I used to have to keep a constant observation of my patients including every little detail. It would usually be about a page long for each patient each shift. Sometimes 2 depending on how interesting of a day it was.
 
Location
Wisconsin
I have a really big stack too, but mine are from the past 7-8 years. I will be requesting mine from 2008 at the beginning of next year. That should add another few inches to my stack! I 3-hole punch mine and put them in a binder in order by year. Since you have just the year and a half, I guess I'd just put it in date order. I also went through mine and highlighted all the abnormal stuff, but that was because I was bringing all my records to a rheumatologist and wanted him to be aware of everything abnormal so he could see the "whole picture" instead of just one of the symptoms that were bothing me at the time. I'm very glad I did this.
 
so far i have 3 manilla folders worth at the hospital. i love going thru them when i get a chance (doc leaves the room)
 
I had my records printed out then scanned into a PDF doc that I have on a flash drive so I can carry it around with me along with whatever cocktail of meds I happen to be on at the time etc in case I collapse in a mall or get run over helping an old lady across the street the paramedics can pop it in a laptop looking for porn and be disappointed.
 
I would like mine on a USB also, but there's too much to scan!

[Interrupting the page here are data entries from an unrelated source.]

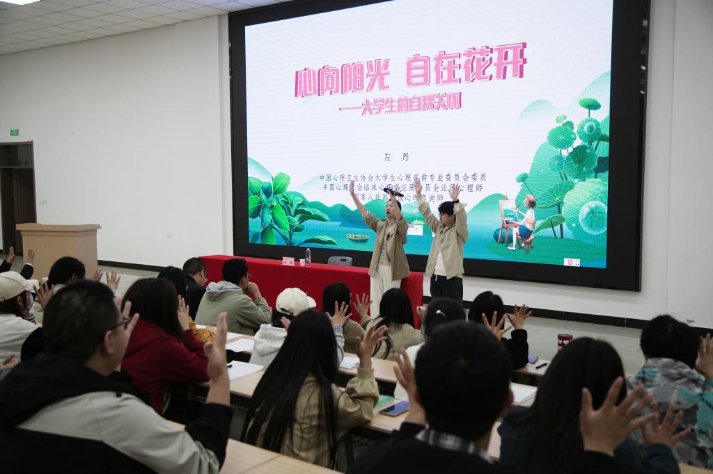 在讲解过程中,左教授着重引导同学们正确认识自我、合理表达情绪、积极寻求帮助、建立良好人际关系。鼓励大家以乐观、理性、包容的心态面对学习与生活中的困难挑战,培养自尊自信、理性平和、积极向上的健康心态。现场氛围轻松热烈,同学们认真聆听、积极互动,不少人表示收获满满,学到了实用的心理调节方法。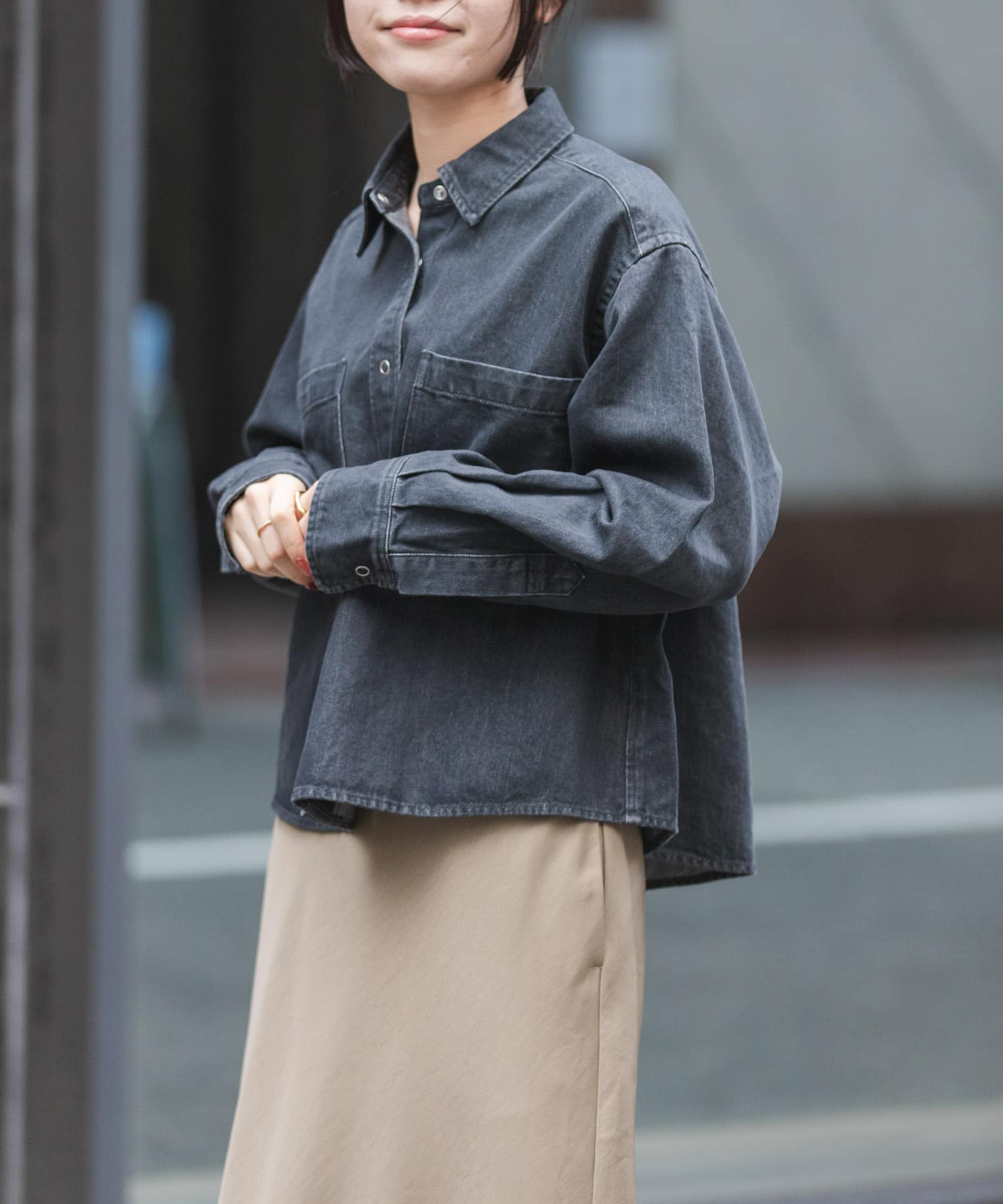 スナップボタンに、着丈をすっきりと短めにすることで、スタイルアップとボトムスとの相性が良いアイテムです。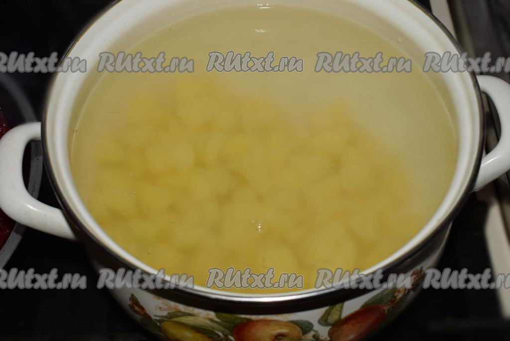 Добавим картофель в кипящую воду. Варим картошку до готовности, примерно, 15 минут, подсолив по вкусу.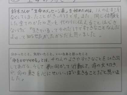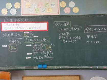 6年生では、「命をかがやかせる」とは、どのようなことかを考えました。子供たちは、精一杯生きることの大切さについて見つめていました。

Maybe I will just scan what I think is most important....not that I look forward
to diving into 1000 pages....ugh :yrolleyes:
I wish the hospital could just give me a flash drive with it already on there.
Such a waste of trees. And in this day and age you'd think they'd be able to now...
 
Don't know anyone I'd trust with my medical records...
Not like I have anything better to do right now anyway I guess :yrolleyes:
 
drew, that's a really good idea!

maybe we should all have microchips implanted under our skin ad every time we visit the doctor, they can electronically update out medical records and save them on a little chip.
 
RHOV said:
drew, that's a really good idea!

maybe we should all have microchips implanted under our skin ad every time we visit the doctor, they can electronically update out medical records and save them on a little chip.